Another Veteran's Day now gone. I am thankful for those who served, and serve, in the military. My father did. My grandfather did. My uncle, on my mother's side, died in Vietnam. I lived with my grandparents for my last three years of high school. It was the end of my being shuffled around to different relatives. During my senior year I had contacted the Navy about joining the ROTC program and was sent a letter with a date for an interview and physical exam, to be held in Cleveland. I was not sure where I was going to college at that point.
To backtrack a little, my high school English Dept. had selected me to be and entrant in a national contest sponsored by NCTE, the National Council of Teachers of English. I wrote an essay and submitted it, along with a couple other pieces of work, and was one of the national winners. I forget how many were entrants, tens of thousands or something like that, but I was a winner. Within a few weeks I started receiving hundreds of letters from colleges from across the country, many written personally by someone representing the school. The phone rang like wild. I was a good student, so, in a way, I was going to have my choice of where to go. But to be in the ROTC program I would have to attend a certain college or university. That was to be determined.
The ROTC program was attractive because it was the promise of a job after graduation, and payment for college.
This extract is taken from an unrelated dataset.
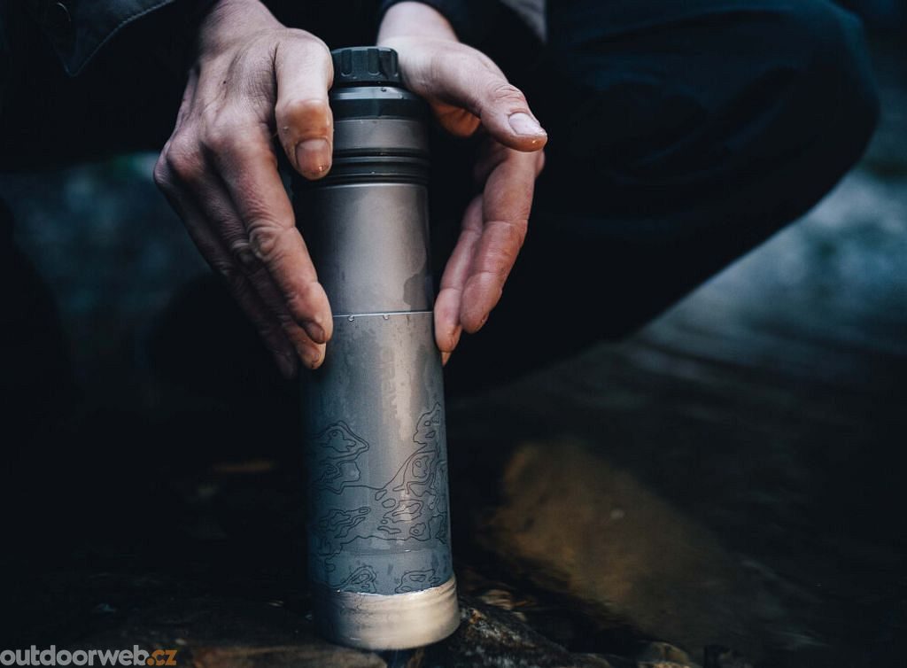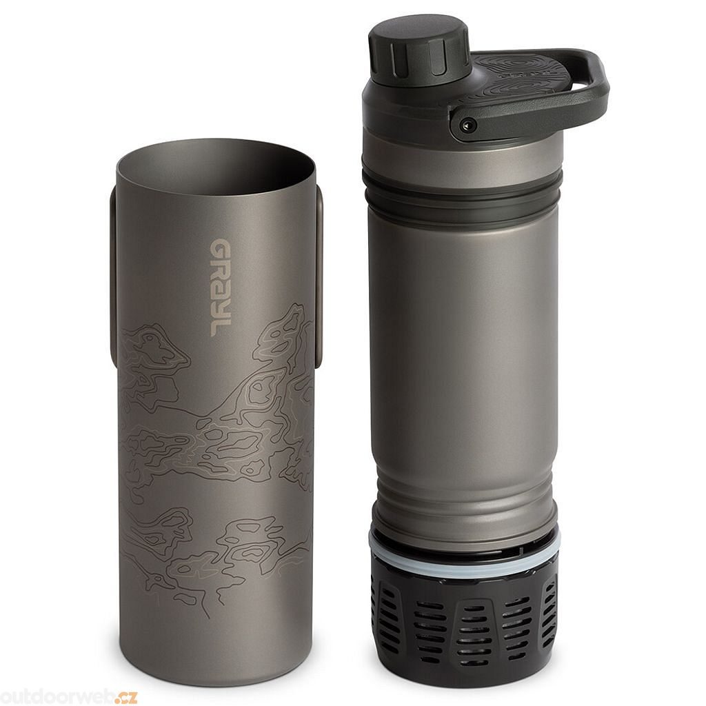 Grayl Ultrapress Titanium is a highly efficient filtration system that will have your drinking water purified of pathogens (viruses, bacteria, protozoa), chemicals, heavy metals and particulates in just 10 seconds. No matter where you are on any of the 7 continents, all you have to do is fill a bottle from a natural or untrusted water source, squeeze it, like a Frenchpress, and you're ready to drink in no time.

My grandfather never said anything to me until the day before he was supposed to take me on the 3 hour Turnpike ride from Defiance to Cleveland. He was a big, crusty, overpowering man, a WWII Army Sergeant, who was once the driver of the lead jeep for General Bradley, in Europe. His description of the duty was to be the first in the convoy to be shot or blown up! Perhaps the most important thing ever determined for me was his decision to not take me to Cleveland. I remember the words. "You are not the military type. You are not good at taking orders. You have the gift of gab and that is not what they want in the military. I am not taking you there." He was right. Grants and scholarships paid for my education. Maybe he also knew that would happen. I don't know.
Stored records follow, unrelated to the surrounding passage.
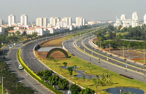 Đại lộ Nguyễn Văn Linh, xương sống của khu đô thị Phú Mỹ Hưng ngày nay. Ảnh: hữu luận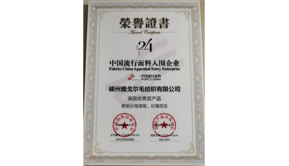 公司选送的“多组分泡泡呢”、“幻境双生”面料荣获优秀奖。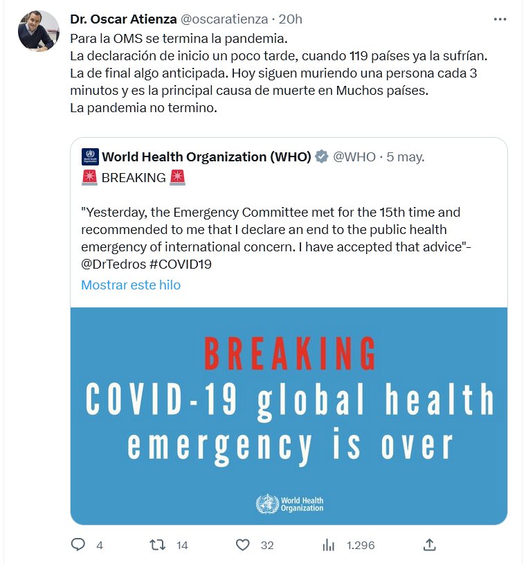 Dr. Oscar Atienza @oscaratienza · Para la OMS se termina la pandemia. La declaración de inicio un poco tarde, cuando 119 países ya la sufrían. La de final algo anticipada. Hoy siguen muriendo una persona cada 3 minutos y es la principal causa de muerte en Muchos países. La pandemia no termino.

Anyway, back to the Veteran's Day beginning of this post. I have received numerous notes, messages and chats about how other people had the same kind of hardship and abuse growing up that I experienced. Many, or most, of those folks are a little older than me. They were almost exclusively the children of soldiers returning from WWII, and most had a much rougher childhood than I faced. It will seem blasphemous, but I need to say it. Perhaps the Greatest Generation was not so great, on the home front. Yes, they defeated the evil on the battlefield, but maybe, just maybe, it created an evil in them. I cannot imagine having to experience the horrors and loss of that war. Maybe they returned as victors, but what so many of them saw and heard and felt took something out of them. We ended up with decades of walls, iron curtains and cold wars, overseas and at home. And in the end, I place no blame. I have only my opinion. We are not animals that can kill, without remorse, for dominance of the pack or pride, nor can we see death and move on to the next meal or watering hole without emotion. We are humans. We are intelligent. We analyze. We are emotional. Regardless, Veterans deserve every ounce of respect we can give.
What does this have to do with writing? Again, an opinion that maybe is off base, but it seems to me that people who had difficult lives as children generally have more to write about. Whether they spent time hiding physically or emotionally, when the light finally shines on them there is a need to let all that past out. Sometimes it is easy, most often it is not. I suppose that is why I so often get the question about my writing being cathartic.